(Collected data entries)
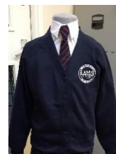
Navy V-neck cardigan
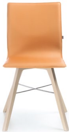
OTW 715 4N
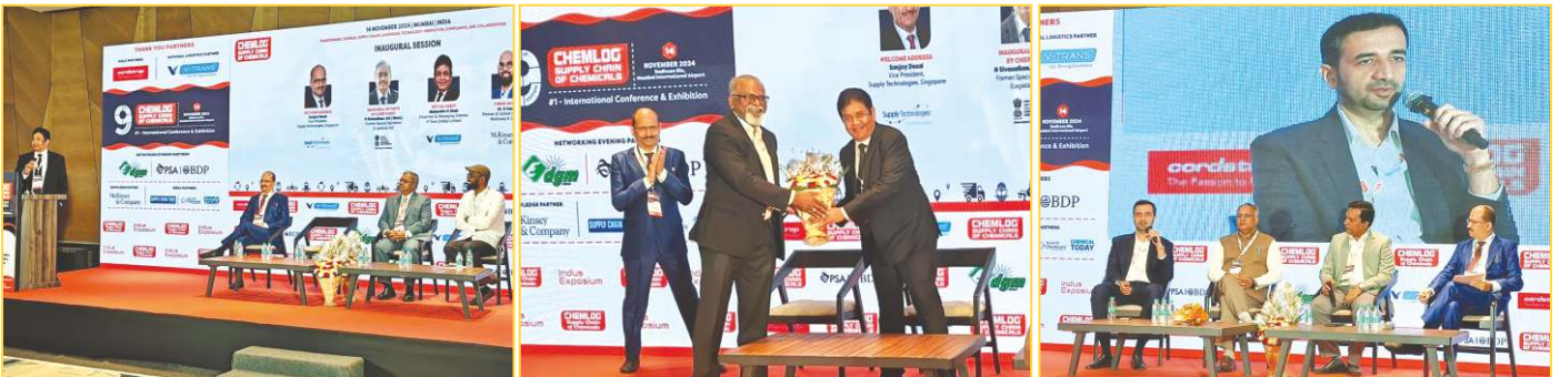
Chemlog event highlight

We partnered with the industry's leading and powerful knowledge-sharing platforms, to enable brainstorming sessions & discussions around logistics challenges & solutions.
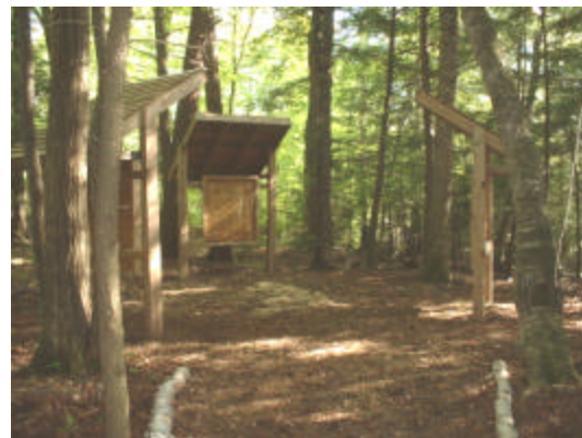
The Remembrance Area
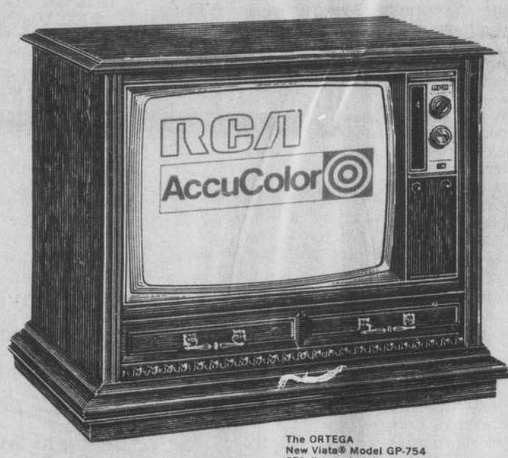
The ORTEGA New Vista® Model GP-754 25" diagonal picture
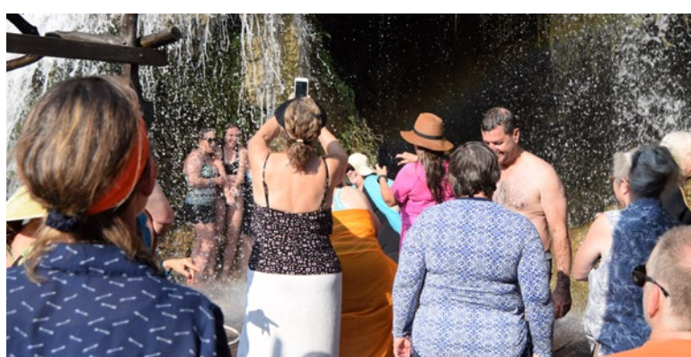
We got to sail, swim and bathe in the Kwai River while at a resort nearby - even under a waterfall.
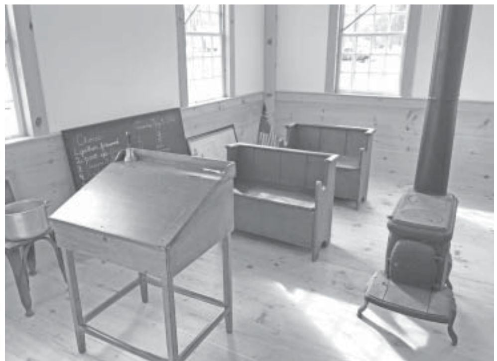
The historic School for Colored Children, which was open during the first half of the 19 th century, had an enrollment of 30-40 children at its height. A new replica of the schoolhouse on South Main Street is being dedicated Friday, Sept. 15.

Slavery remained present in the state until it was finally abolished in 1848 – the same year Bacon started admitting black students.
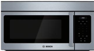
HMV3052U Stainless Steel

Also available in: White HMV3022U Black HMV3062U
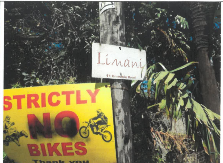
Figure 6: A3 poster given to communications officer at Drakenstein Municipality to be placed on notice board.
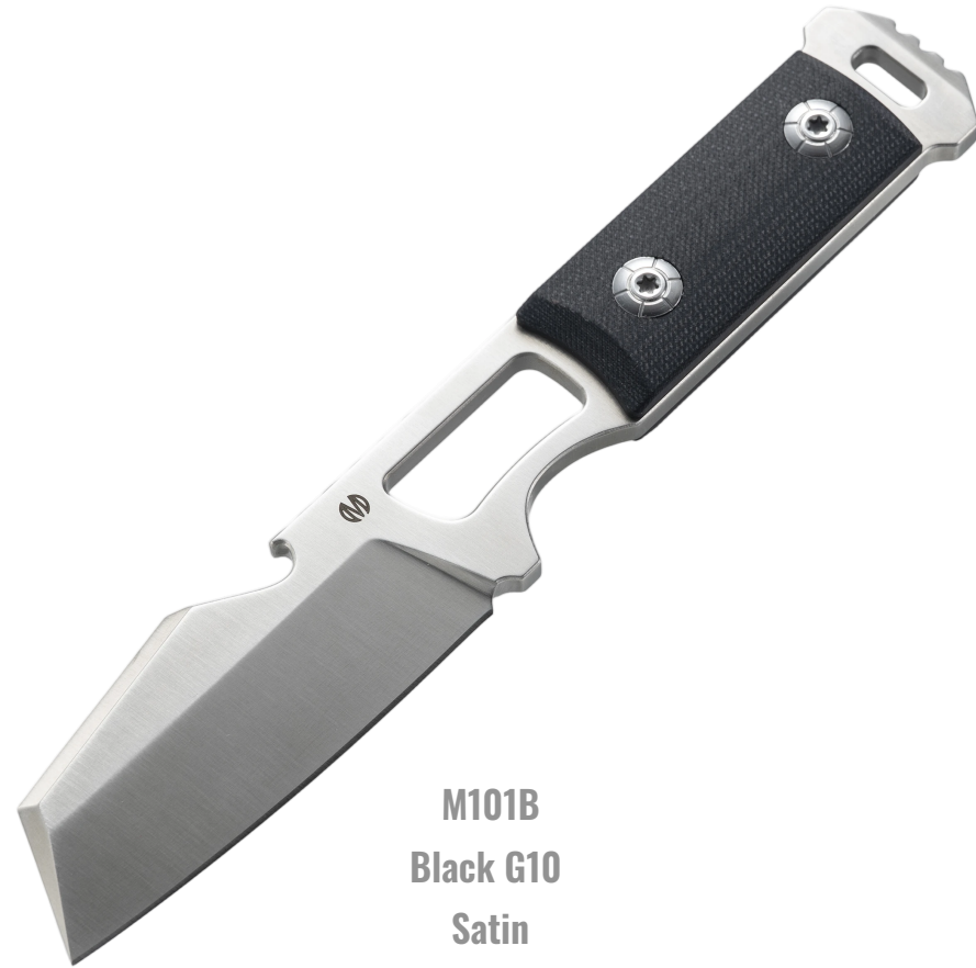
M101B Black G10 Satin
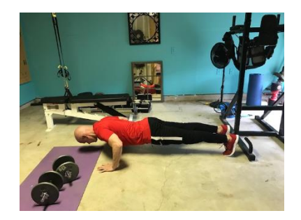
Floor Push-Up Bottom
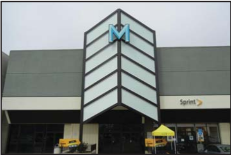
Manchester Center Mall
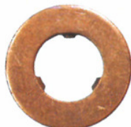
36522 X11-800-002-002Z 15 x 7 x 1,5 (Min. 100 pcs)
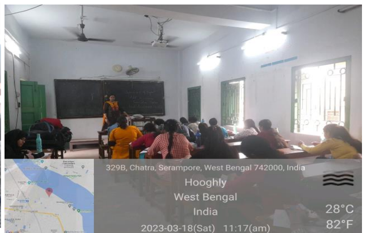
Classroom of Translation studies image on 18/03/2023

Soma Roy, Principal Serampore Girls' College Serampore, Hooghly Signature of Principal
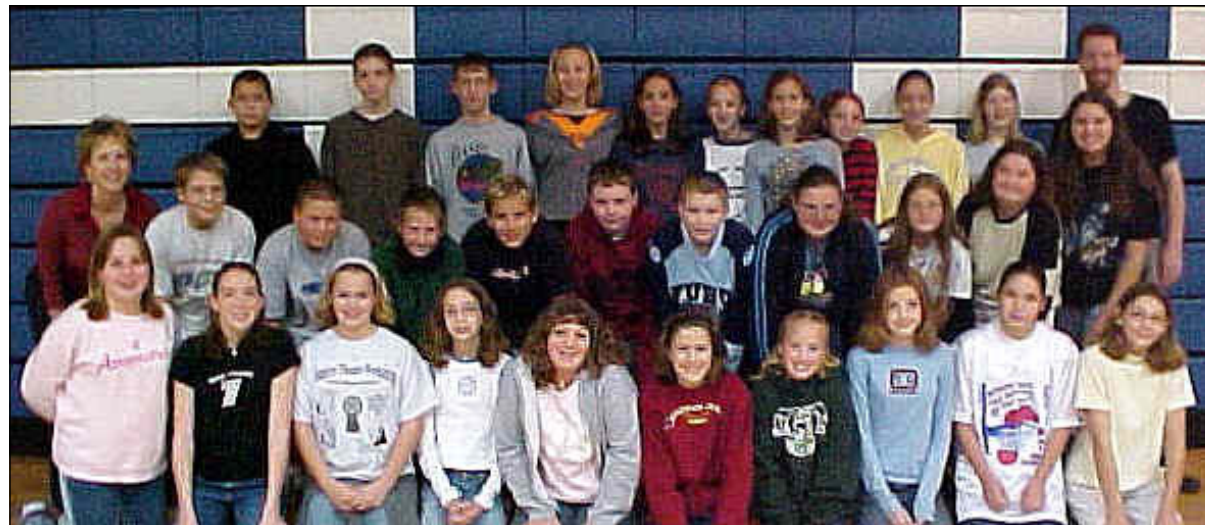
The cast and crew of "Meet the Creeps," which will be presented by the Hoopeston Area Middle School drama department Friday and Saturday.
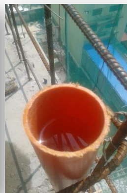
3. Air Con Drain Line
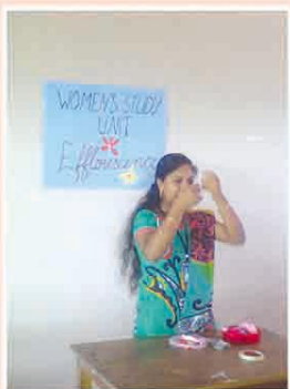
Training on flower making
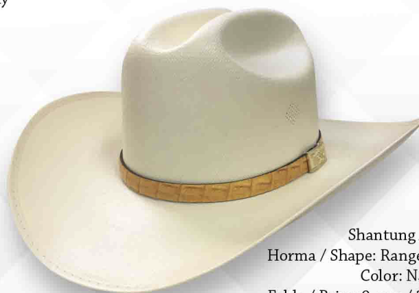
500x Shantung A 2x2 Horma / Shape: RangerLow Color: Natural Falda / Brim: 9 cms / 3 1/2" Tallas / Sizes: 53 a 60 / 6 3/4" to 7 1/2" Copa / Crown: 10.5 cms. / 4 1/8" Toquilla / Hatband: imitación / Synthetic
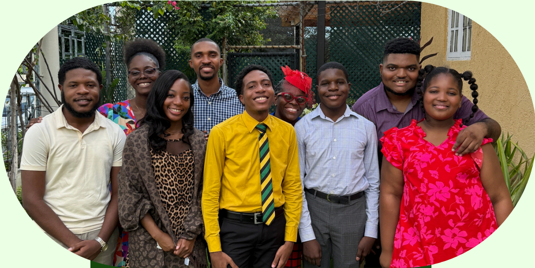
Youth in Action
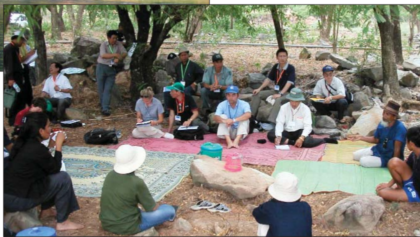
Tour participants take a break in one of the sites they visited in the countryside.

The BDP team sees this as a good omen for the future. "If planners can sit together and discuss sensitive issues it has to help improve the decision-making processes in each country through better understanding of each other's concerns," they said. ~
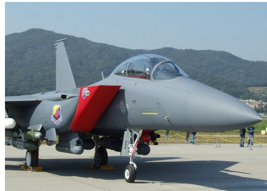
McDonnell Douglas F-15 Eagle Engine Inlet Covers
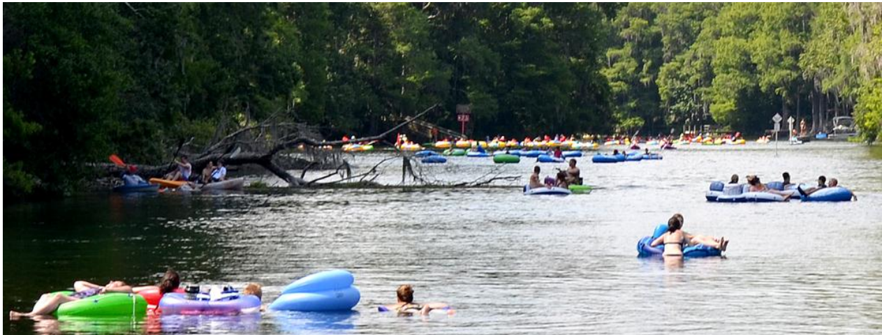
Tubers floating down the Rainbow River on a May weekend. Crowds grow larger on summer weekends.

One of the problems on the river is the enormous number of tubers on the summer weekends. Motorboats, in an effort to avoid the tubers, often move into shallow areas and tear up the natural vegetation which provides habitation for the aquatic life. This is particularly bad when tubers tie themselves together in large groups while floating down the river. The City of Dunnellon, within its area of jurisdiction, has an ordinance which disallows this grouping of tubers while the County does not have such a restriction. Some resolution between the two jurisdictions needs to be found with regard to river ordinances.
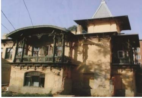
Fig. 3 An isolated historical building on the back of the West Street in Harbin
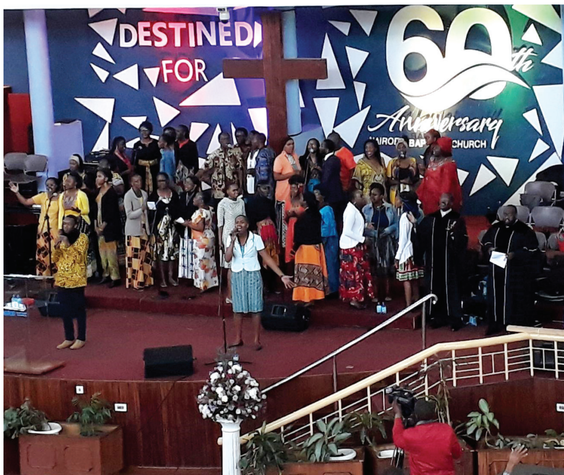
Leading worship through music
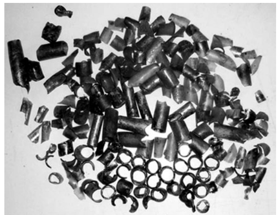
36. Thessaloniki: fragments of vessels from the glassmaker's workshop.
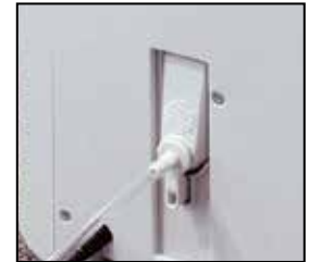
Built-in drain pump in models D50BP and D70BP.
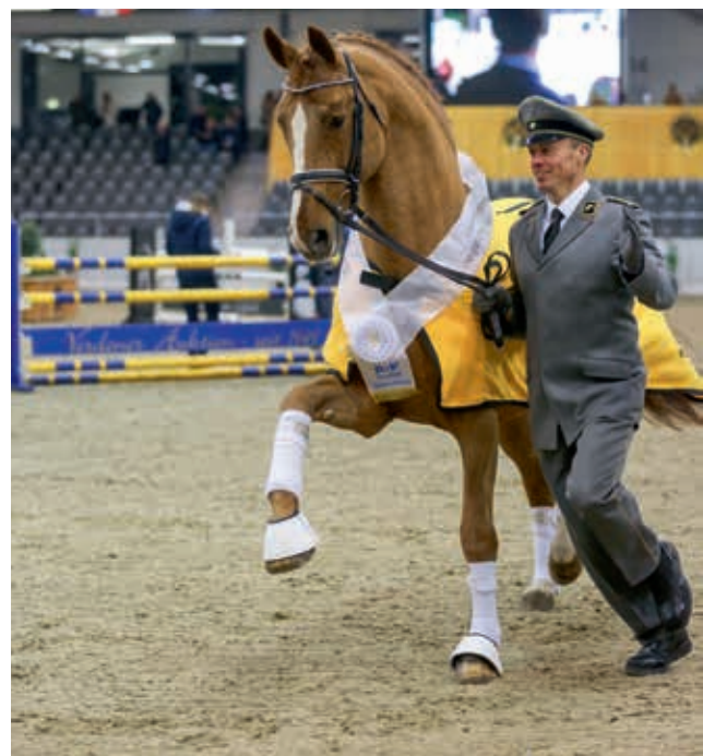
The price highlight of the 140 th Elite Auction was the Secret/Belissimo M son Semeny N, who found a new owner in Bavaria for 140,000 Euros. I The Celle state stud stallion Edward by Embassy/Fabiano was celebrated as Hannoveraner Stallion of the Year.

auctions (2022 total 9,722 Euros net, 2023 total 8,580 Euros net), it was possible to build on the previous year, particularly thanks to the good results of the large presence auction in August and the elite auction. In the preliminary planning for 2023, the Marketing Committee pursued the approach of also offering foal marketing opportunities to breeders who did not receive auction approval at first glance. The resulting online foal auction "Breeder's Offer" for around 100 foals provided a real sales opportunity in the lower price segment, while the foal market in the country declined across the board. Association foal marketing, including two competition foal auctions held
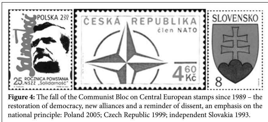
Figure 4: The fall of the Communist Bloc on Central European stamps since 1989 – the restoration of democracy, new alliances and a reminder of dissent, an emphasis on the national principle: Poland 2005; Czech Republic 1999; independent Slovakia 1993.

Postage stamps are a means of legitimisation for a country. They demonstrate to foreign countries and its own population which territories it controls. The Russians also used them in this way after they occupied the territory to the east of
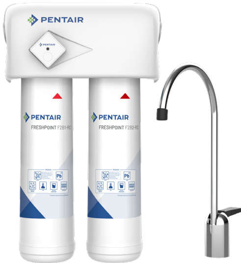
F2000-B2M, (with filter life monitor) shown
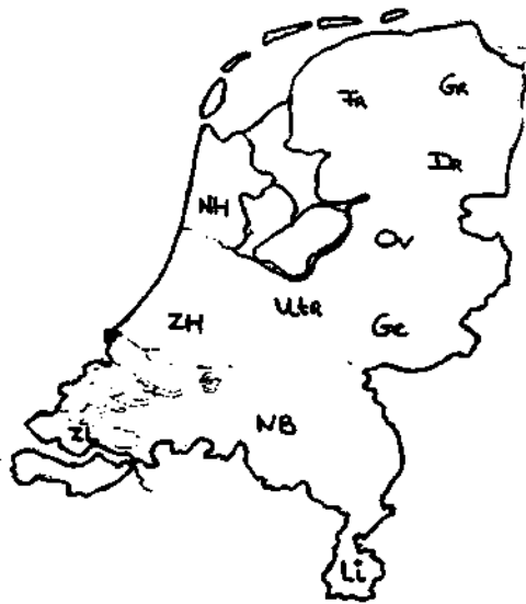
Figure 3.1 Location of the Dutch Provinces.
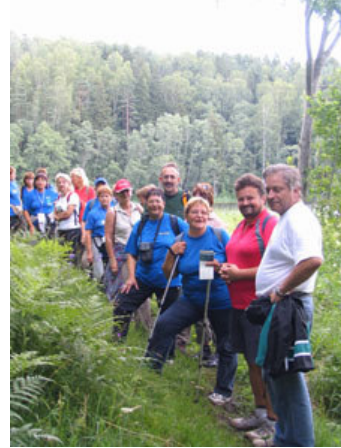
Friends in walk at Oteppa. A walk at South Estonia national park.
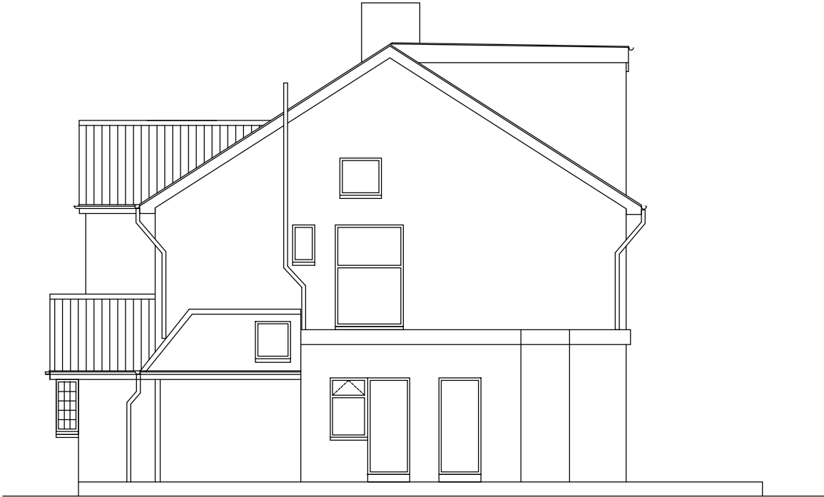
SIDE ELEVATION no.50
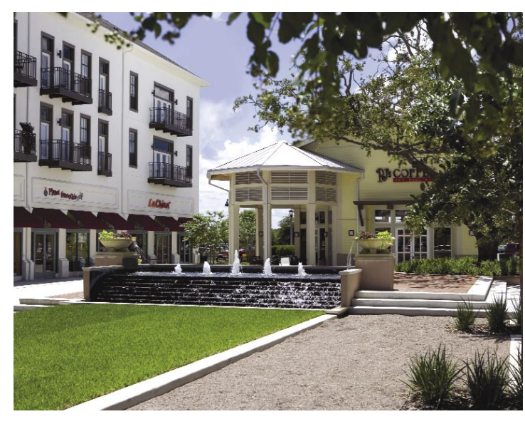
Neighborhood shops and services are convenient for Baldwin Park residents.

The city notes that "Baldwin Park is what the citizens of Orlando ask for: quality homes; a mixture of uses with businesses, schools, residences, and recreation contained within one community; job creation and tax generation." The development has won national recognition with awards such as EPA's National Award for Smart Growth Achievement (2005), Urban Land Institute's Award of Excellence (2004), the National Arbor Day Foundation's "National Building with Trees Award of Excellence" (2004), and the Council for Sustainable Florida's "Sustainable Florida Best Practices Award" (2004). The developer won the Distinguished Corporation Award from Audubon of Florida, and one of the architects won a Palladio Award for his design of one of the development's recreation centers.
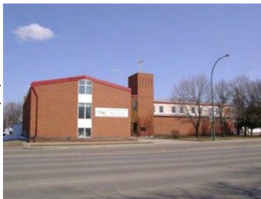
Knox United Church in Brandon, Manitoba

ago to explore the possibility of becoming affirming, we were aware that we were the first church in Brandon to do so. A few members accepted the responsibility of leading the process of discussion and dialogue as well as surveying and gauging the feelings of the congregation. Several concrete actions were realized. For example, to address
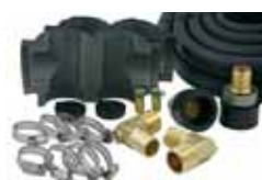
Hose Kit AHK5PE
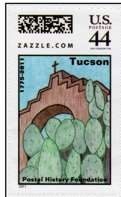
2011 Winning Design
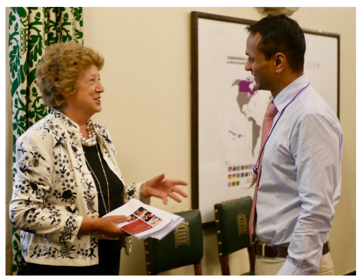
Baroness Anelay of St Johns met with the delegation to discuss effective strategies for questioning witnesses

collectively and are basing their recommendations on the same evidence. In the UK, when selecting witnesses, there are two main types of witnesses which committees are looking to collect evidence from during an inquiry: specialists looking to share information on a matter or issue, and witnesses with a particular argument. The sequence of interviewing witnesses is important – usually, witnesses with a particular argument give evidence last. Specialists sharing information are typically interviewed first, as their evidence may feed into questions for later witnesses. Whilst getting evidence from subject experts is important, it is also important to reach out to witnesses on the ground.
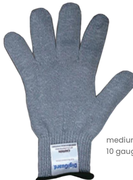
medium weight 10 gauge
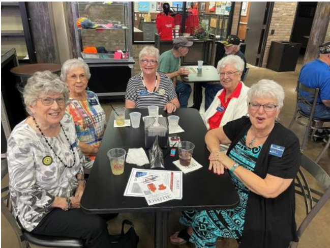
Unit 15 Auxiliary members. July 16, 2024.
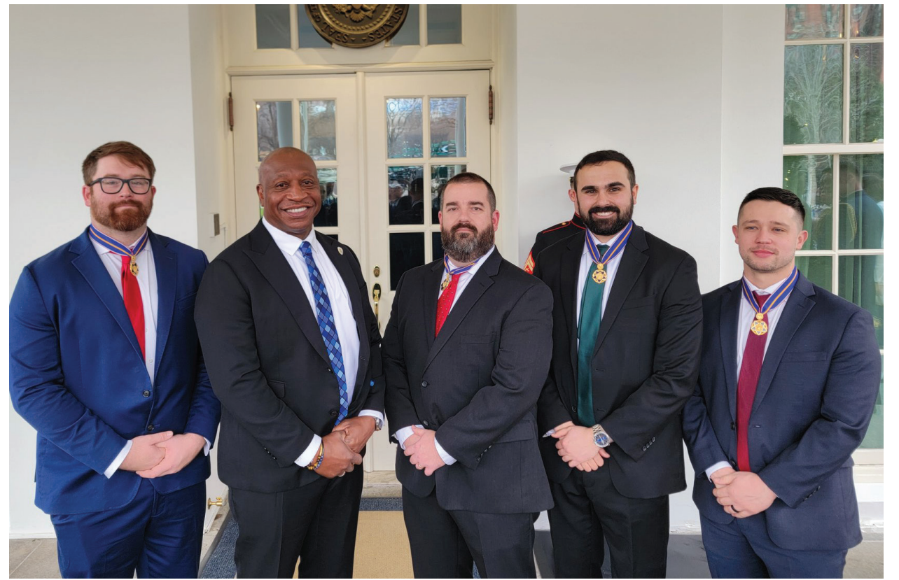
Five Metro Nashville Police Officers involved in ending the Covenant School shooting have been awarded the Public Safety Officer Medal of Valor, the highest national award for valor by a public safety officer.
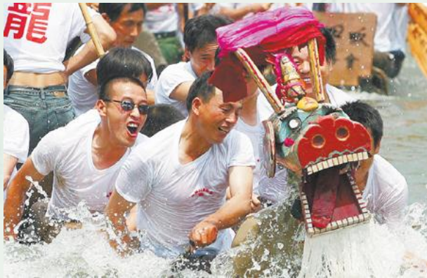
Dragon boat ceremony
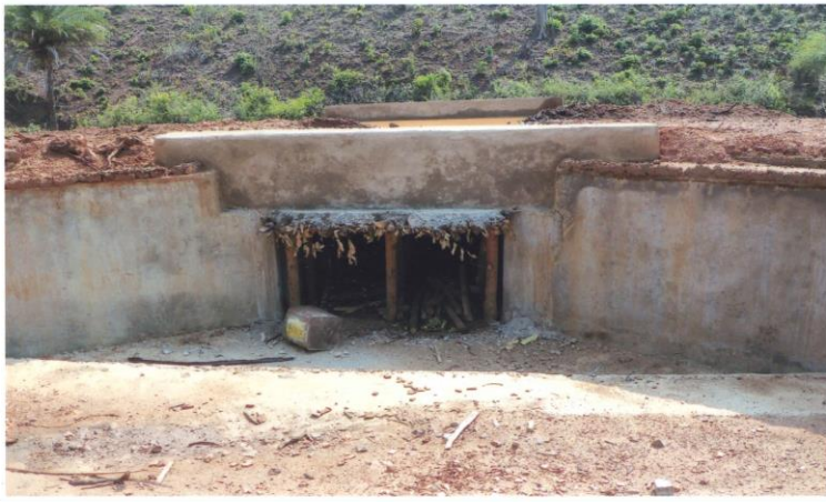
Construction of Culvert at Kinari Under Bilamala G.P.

- **Work task**
Set down again, word for word, every line from the one with "Leading worship through music" to the one with "Figure 3.1 Location of the Dutch Provinces." in the entries above, and omit the pictures.

- **Finished task**
Leading worship through music
36. Thessaloniki: fragments of vessels from the glassmaker's workshop.
Built-in drain pump in models D50BP and D70BP.
The price highlight of the 140 th Elite Auction was the Secret/Belissimo M son Semeny N, who found a new owner in Bavaria for 140,000 Euros. I The Celle state stud stallion Edward by Embassy/Fabiano was celebrated as Hannoveraner Stallion of the Year.

auctions (2022 total 9,722 Euros net, 2023 total 8,580 Euros net), it was possible to build on the previous year, particularly thanks to the good results of the large presence auction in August and the elite auction. In the preliminary planning for 2023, the Marketing Committee pursued the approach of also offering foal marketing opportunities to breeders who did not receive auction approval at first glance. The resulting online foal auction "Breeder's Offer" for around 100 foals provided a real sales opportunity in the lower price segment, while the foal market in the country declined across the board. Association foal marketing, including two competition foal auctions held
Figure 4: The fall of the Communist Bloc on Central European stamps since 1989 – the restoration of democracy, new alliances and a reminder of dissent, an emphasis on the national principle: Poland 2005; Czech Republic 1999; independent Slovakia 1993.

Postage stamps are a means of legitimisation for a country. They demonstrate to foreign countries and its own population which territories it controls. The Russians also used them in this way after they occupied the territory to the east of
F2000-B2M, (with filter life monitor) shown
Figure 3.1 Location of the Dutch Provinces.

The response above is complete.